English film producer, screenwriter and executive producer

Valentine Stockdale (born 15 December 1981) is an English film producer, screenwriter and executive producer.

==Early life==
He was born in London, and raised in the English counties of Northumberland, Northamptonshire, Sussex and Lincolnshire. He became a member of Mensa International aged 12 and was educated at Eton College specializing in graphic design, physics and mathematics.

==Screenwriting==
His commissioned feature screenplays to date include 'The Good War' scheduled for production in Malta in 2010 starring Alfred Molina, Ed Speleers and Ian Virgo; 'Brodie's Law' the gruesome graphic novel adaptation from infamous comic book publisher Pulp Theatre; and a comedy musical studio picture from Firefly.

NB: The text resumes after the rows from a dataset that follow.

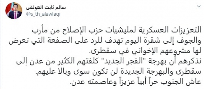 وأضاف: "نذكرهم أن بهرجة الفجر الجديد كلفتهم الكثير من عدن إلى سقطرى والبهرجة الجديدة لن تكون سوى وبالا عليهم. عاش الجنوب حراً أبياً عزيزاً وعاصمته عدن".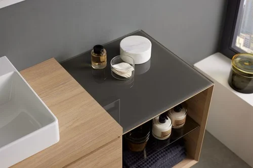 Die Geberit One Abdeckung für Seitenschränke und Seitenelemente verbindet hohe Qualität mit einem attraktiven Design. Das klare Glas wirkt modern und zugleich zeitlos, sodass es sich in verschiedene Stilrichtungen einfügt. Darüber hinaus ist Glas ein robustes Material, das leicht zu reinigen ist und eine lange Lebensdauer hat.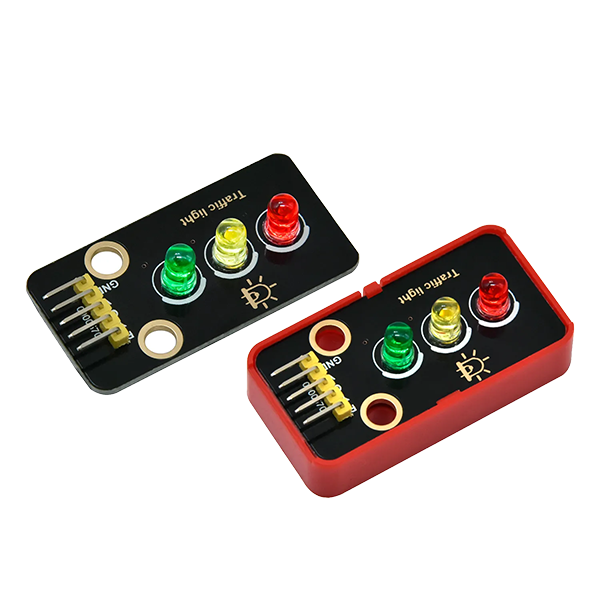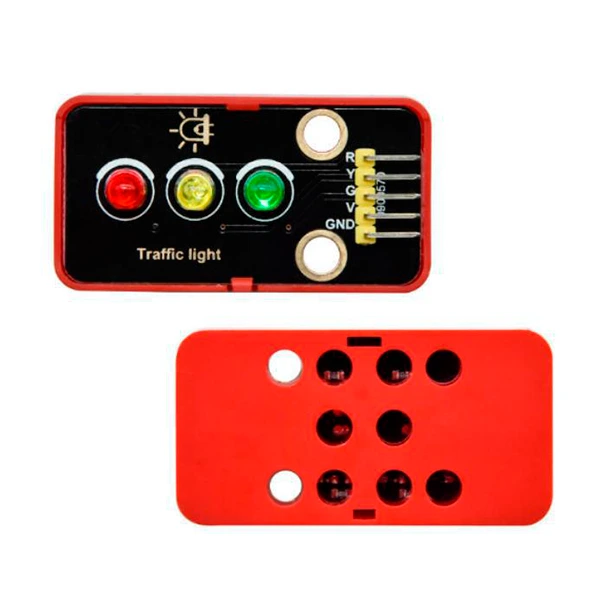 Dispositivo que integra tres LED (rojo, amarillo y verde) en disposición tipo semáforo, sobre un case apto para acoplar a fichas tipo bloques de construción. Cada color se controla desde una salida digital independiente y se utiliza para simulación de tráfico, proyectos de ciudad inteligente, lógica secuencial y enseñanza de sistemas de control.

He currently has several further screenplays in development through Vesuvius Film Partners including a Russian espionage thriller studio picture, an Argentine political thriller and a horror movie. Most recently his screenplay 'Gabriel-Ernest' was the Winner of five accolades including Winner at the A Night of Horror International Film Festival 2011, a Semi-Finalist in the PAGE International Screenwriting Awards, and a Finalist in the European Independent Film Festival 2010.

==Film producer==
He began his early days in film as an Assistant Director and Production Manager after many years working on commercials and music videos for the multi-award-winning UK production companies Rose Hackney Barber, Bliss Films, Great Guns, Oil Factory, Wall2Wall, Own2Feet & Godman. In 2007 he joined new media group Universal 360 as an Executive Producer and began developing and producing feature films and television programs for leading UK independent Firefly. He also served for 10 months as an Executive Producer at London-based music TV production company Oberon.

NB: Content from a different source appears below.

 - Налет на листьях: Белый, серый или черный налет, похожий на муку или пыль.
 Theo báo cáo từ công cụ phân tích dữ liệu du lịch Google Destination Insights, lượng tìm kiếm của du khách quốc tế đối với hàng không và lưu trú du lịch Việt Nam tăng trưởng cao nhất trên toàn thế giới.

In 2008 he founded London based film finance company Vesuvius Film Partners, providing finance for feature-length independent and studio motion pictures including consultancy services, medium to high budget fundraising services, seed capital, bridge loans, mezzanine finance, GAP finance, and the structuring of commercial transactions and investments through tax incentive schemes. In early 2009 he became Head of Acquisitions and Co-productions at Firefly. In mid-2009 Stockdale left Firefly to concentrate full-time on motion picture finance, joining Capital Motion Pictures, a fund of funds providing match finance to major Hollywood studios. Stockdale also serves as a freelance adviser and Executive Producer at 8 times BAFTA nominated, 3 times BAFTA winning Aquarium Studios based in London.

==Films==
Most notably he is Executive Producer of Boogie Woogie starring Heather Graham, Danny Huston, Christopher Lee, Amanda Seyfried, Gillian Anderson, Stellan Skarsgård, Joanna Lumley, Simon McBurney, Charlotte Rampling, Jamie Winstone and Alan Cumming, a black comedy about the British art industry directed by Duncan Ward and the first motion picture featuring the work of infamous curator Damien Hirst. The film was released in March 2010 by Vertigo Films and IFC.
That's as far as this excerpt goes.